# PyTorch Lightning
**The lightweight PyTorch wrapper for ML researchers. Scale your models. Write less boilerplate.**
[![PyPI Status](https://badge.fury.io/py/pytorch-lightning.svg)](https://badge.fury.io/py/pytorch-lightning)
[![PyPI Status](https://pepy.tech/badge/pytorch-lightning)](https://pepy.tech/project/pytorch-lightning)
[![Build Status](https://travis-ci.org/PytorchLightning/pytorch-lightning.svg?branch=master)](https://travis-ci.org/PytorchLightning/pytorch-lightning)
[![Build status](https://ci.appveyor.com/api/projects/status/NEW-PROJECT-ID?svg=true)](https://ci.appveyor.com/project/PytorchLightning/pytorch-lightning)
[![Next Release](https://img.shields.io/badge/Next%20Release-Mar%21-
Simple installation from PyPI
pip install pytorch-lightning
## Docs
- [master](https://pytorch-lightning.readthedocs.io/en/latest)
- [0.6.0](https://pytorch-lightning.readthedocs.io/en/0.6.0/)
- [](https://pytorch-lightning.readthedocs.io/en/
## Demo
[Copy and run this COLAB!](https://colab.research.google.com/drive/1F_RNcHzTfFuQf-LeKvSlud6x7jXYkG31#scrollTo=HOk9c4_35FKg)
## What is it?
Lightning is a very lightweight wrapper on PyTorch that decouples the science code from the engineering code. It's more of a style-guide than a framework. By refactoring your code, we can automate most of the non-research code.
To use Lightning, simply refactor your research code into the [LightningModule](https://github.com/PytorchLightning/pytorch-lightning#how-do-i-do-use-it) format (the science) and Lightning will automate the rest (the engineering). Lightning guarantees tested, correct, modern best practices for the automated parts.
- If you are a researcher, Lightning is infinitely flexible, you can modify everything down to the way .backward is called or distributed is set up.
- If you are a scientist or production team, lightning is very simple to use with best practice defaults.
## What does lightning control for me?
Everything in Blue!
This is how lightning separates the science (red) from the engineering (blue).
## How much effort is it to convert?
You're probably tired of switching frameworks at this point. But it is a very quick process to refactor into the Lightning format (ie: hours). [Check out this tutorial](https://towardsdatascience.com/how-to-refactor-your-pytorch-code-to-get-these-42-benefits-of-pytorch-lighting-6fdd0dc97538)
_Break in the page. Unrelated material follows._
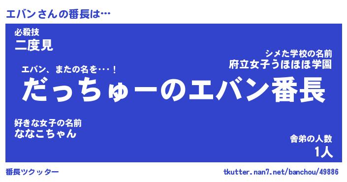 | 意味不明あだ名 | 『ペロリンエバン』『エバンフォーエバー』 |

## Starting a new project?
[Use our seed-project aimed at reproducibility!](https://github.com/PytorchLightning/pytorch-lightning-conference-seed)
## Why do I want to use lightning?
Every research project starts the same, a model, a training loop, validation loop, etc. As your research advances, you're likely to need distributed training, 16-bit precision, checkpointing, gradient accumulation, etc.
Lightning sets up all the boilerplate state-of-the-art training for you so you can focus on the research.
## README Table of Contents
- [How do I use it](https://github.com/PytorchLightning/pytorch-lightning#how-do-i-do-use-it)
- [What lightning automates](https://github.com/PytorchLightning/pytorch-lightning#what-does-lightning-control-for-me)
- [Tensorboard integration](https://github.com/PytorchLightning/pytorch-lightning#tensorboard)
- [Lightning features](https://github.com/PytorchLightning/pytorch-lightning#lightning-automates-all-of-the-following-each-is-also-configurable)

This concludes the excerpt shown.